If 'Force Always' is selected, RFC3581 support will be always forced even if client does not request it

Outbound requests will contain the Via rport parameter and UDP responses

will be routed back to the network source port of the client even when no Via rport parameter was

specified in the request by the client. This effectively forces RFC3581 behavior even if not requested

This is non-RFC compliant but helps with devices behind NAT that do not implement RFC3581 but still

need the SBC to provide that functionality to route responses through NAT or firewall devices

* This option may break communications if used when requests come through a SIP proxy

or user agents that are not behind a firewall or NAT device

If 'Auto Force' is selected, RFC3581 support will be forced on particular user agents known to be problematic

This option is equivalent to 'Force' except that it will force it only for inbound requests with a User-Agent

header such as Polycom or other known problematic user agents without RFC3581 support

* This option may break communications if used when requests come through a SIP proxy

If 'Client Only' is selected, RFC3581 behavior is followed only for outbound requests

Outbound requests will contain the Via rport parameter and responses will still be routed

back to the port specified in the topmost Via header of the request (non-RFC3581 behavior)

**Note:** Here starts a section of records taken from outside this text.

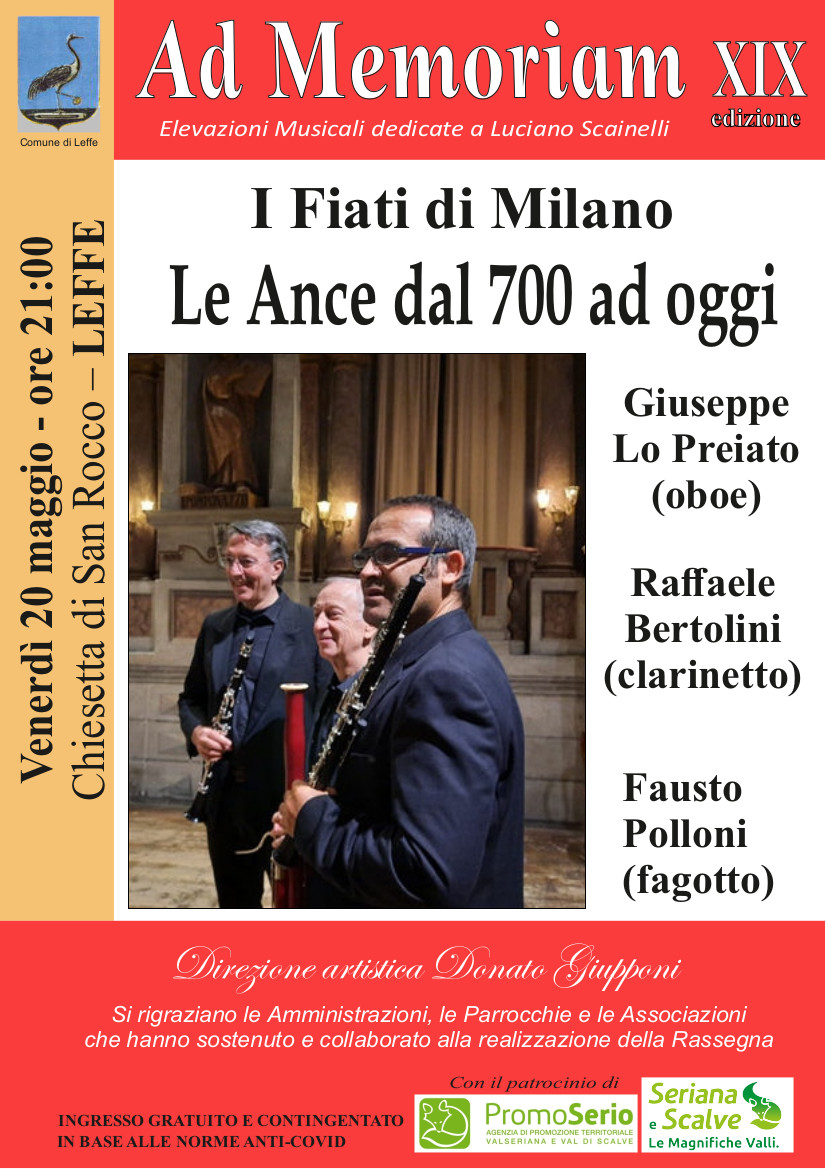 Elevazioni Musicali dedicate a Luciano Scainelli. I Fiati di Milano, Le Ance del 700 ad oggi, Giuseppe Lo Preiato (oboe) Raffaele Bertolini (clarinetto) Fausto Polloni (fagotto) Direzione artistica Donato Giupponi.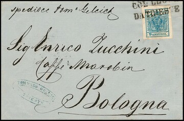"Triest", "Col Lloyd Da Trieste", L2 auf Kabinett-Faltbrief (1856) mit 9 Kr. aus Triest nach Bologna, Schiffsbrief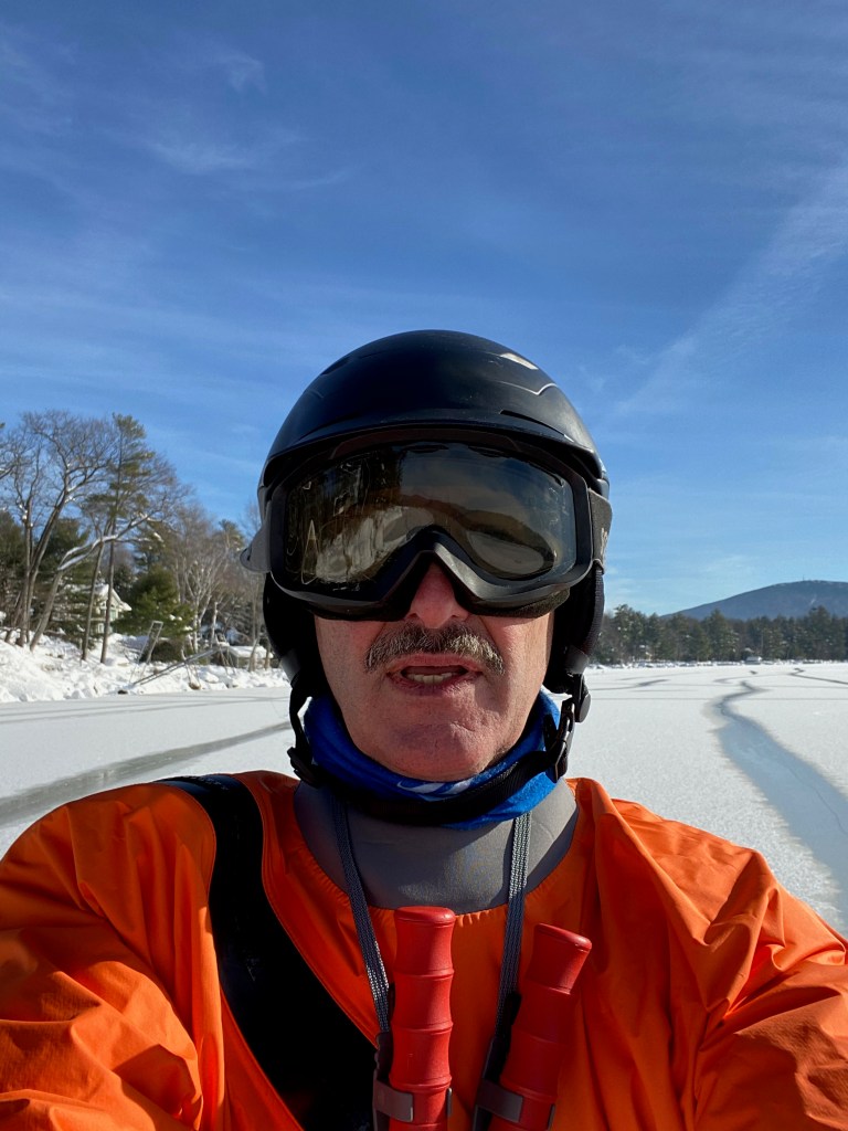 More recently when I started Nordic skating and purchased a DN, I bought a pair of more upscale “ice-claws” that hang around my neck on a plastic holder. Last season after a “wake- up call” on Newfound Lake (sailing towards open water at 30 knots) I bought a dry suit and started wearing it out on the ice.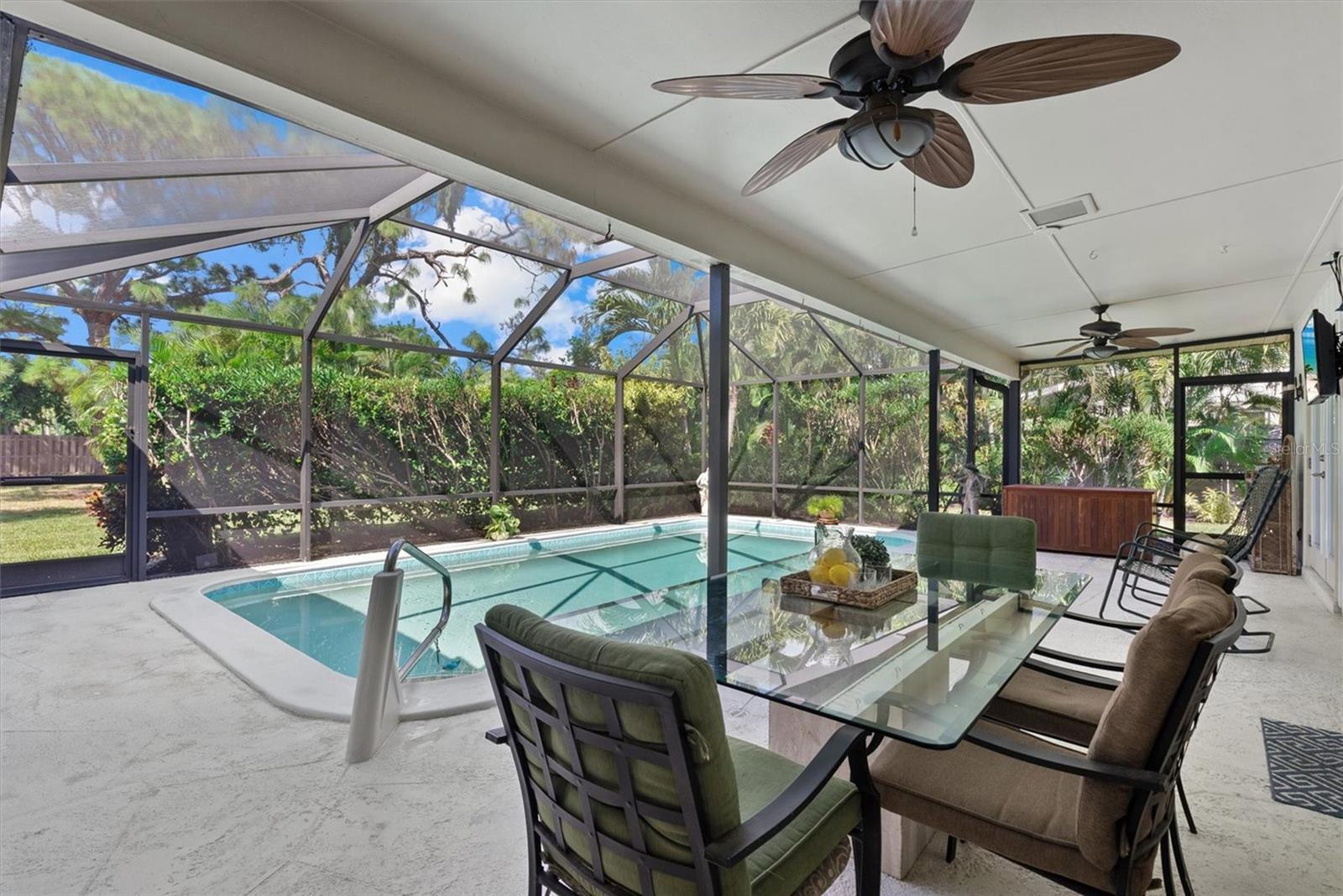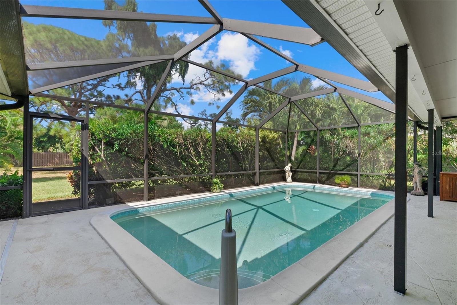 Under contract-accepting backup offers. Just minutes from Venice Beach and the charming downtown shopping and dining district, this four-bedroom, two-bath pool home with a three-car garage blends comfort, style, and convenience as well as a beautiful sunset at days end. Go inside to find a light-filled layout designed for relaxed Florida living. The beautifully remodeled kitchen is the centerpiece of the home, showcasing Cambria quartz countertops, a professional-grade Thermador six-burner gas range, high-end stainless appliances, and two dual-zone wine coolers, ideal for casual meals and entertaining. A thoughtfully reimagined pantry adds storage and function. The primary suite feels like a private retreat with hurricane-rated French doors that lead out to the pool for a little moonlight swim. For those who like it a little cooler while sleeping, there is a separate mini split for the primary bedroom, so you don't have to cool the whole house. The updated primary bath features marble-topped double vanity and spa-inspired Roman shower with built-in seating. The additional bedrooms offer flexible space for family, guests, or a home office, each filled with natural light and designed for comfort. For added closet space, one bedroom has built-in closet system, making it a huge walk-in closet if needed, otherwise remove and use as a fourth bedroom. Go outside to enjoy a private backyard retreat with lush landscaping and an extended pool deck, ideal for entertaining. The pool is designed for year-round enjoyment with a pool heater for the winter months and chiller for summer. A 12-by-10-foot Tuff shed with windows and shelving adds extra room for storage or hobbies. Terrazzo floors throughout the home preserve its mid-century character and timeless appeal. Whether intended as a primary residence, seasonal retreat or investment, this home offers exceptional versatility with features that support full-time living, extended stays or seasonal rental. With recent updates including a new roof (2024), HVAC (2022), Kohler 20-kilowatt generator with 500-gallon LP tank, new pool pump and filter (2024), and updated plumbing, this home is move-in ready, offering peace of mind and the relaxed coastal lifestyle you’ve been dreaming of.
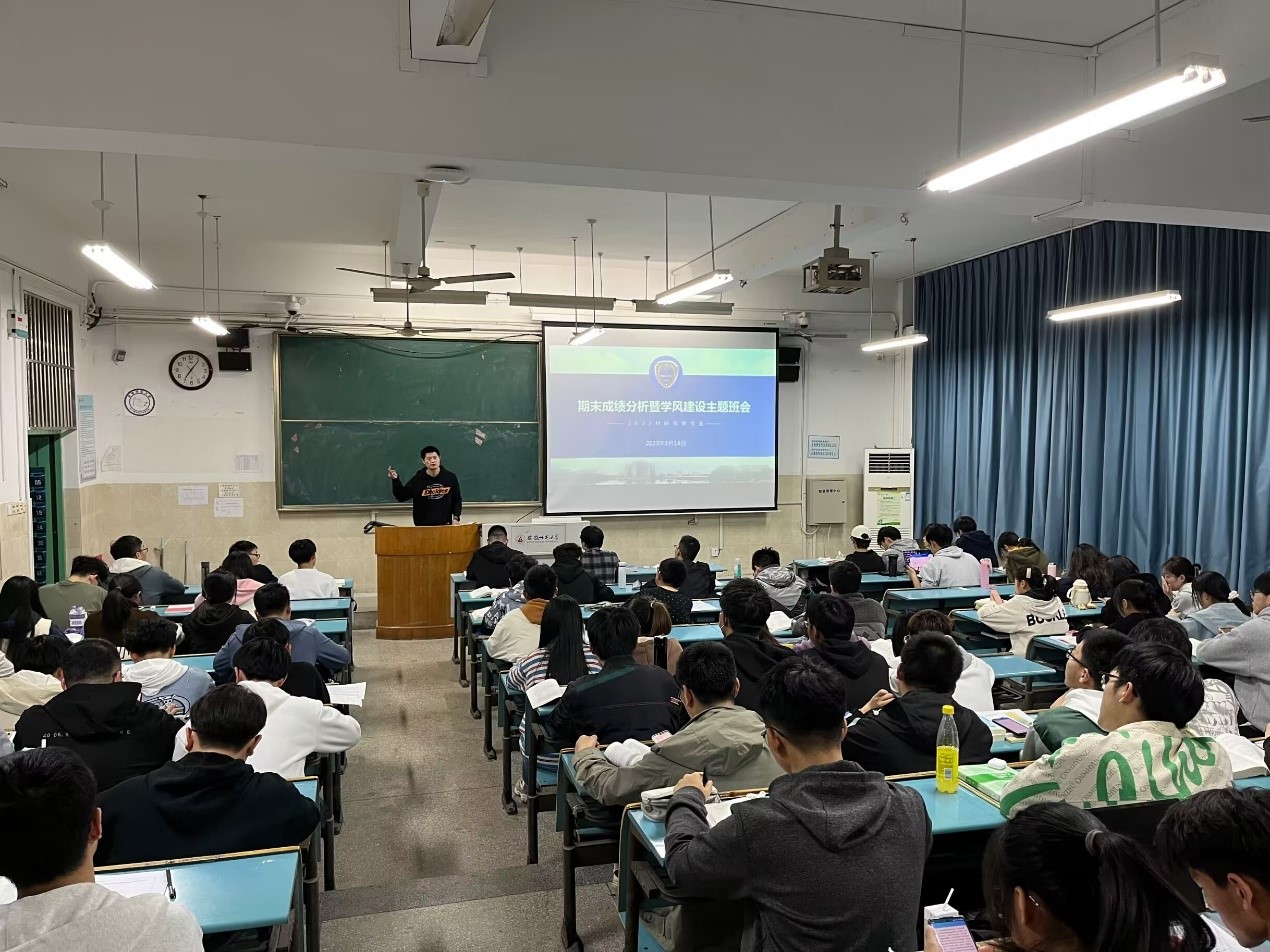 随后张老师指出各专业班级在学风方面所存在的一些问题和不良现象,强调了学风建设的重要性,对成绩预警和需要补考的同学做出了提醒,并对后续的学习生活提出了两点要求:要求全体同学要端正学习态度,认识到班级学风与个人成长成才的密切联系;要求员工干部履行管理职责,发挥先锋模范作用,带头抓好学习任务,为班级同学树立好榜样。

even if the rport Via parameter was specified in the request by the client

This is non-RFC complaint but helps with clients that have issues/bugs with their RFC3581

This effecitvely disabling RFC3581 for inbound requests only

If 'Server Only' is selected, RFC3581 behavior is followed only for inbound requests

Outbound requests will not contain the Via rport parameter but responses will be routed

back to the network source port when the client specifies the Via rport parameter in their request

This is effectively disabling RFC3581 for outbound requests only

sip-tos-value

Type

  • string

Default

  • None

Rules

  • greater_than[-1]
  • less_than[256]

SIP TOS Value

DiffServ integer value (0-255) for the signaling packets (this is the old TOS IP header value). You can use this to set TOS values as well.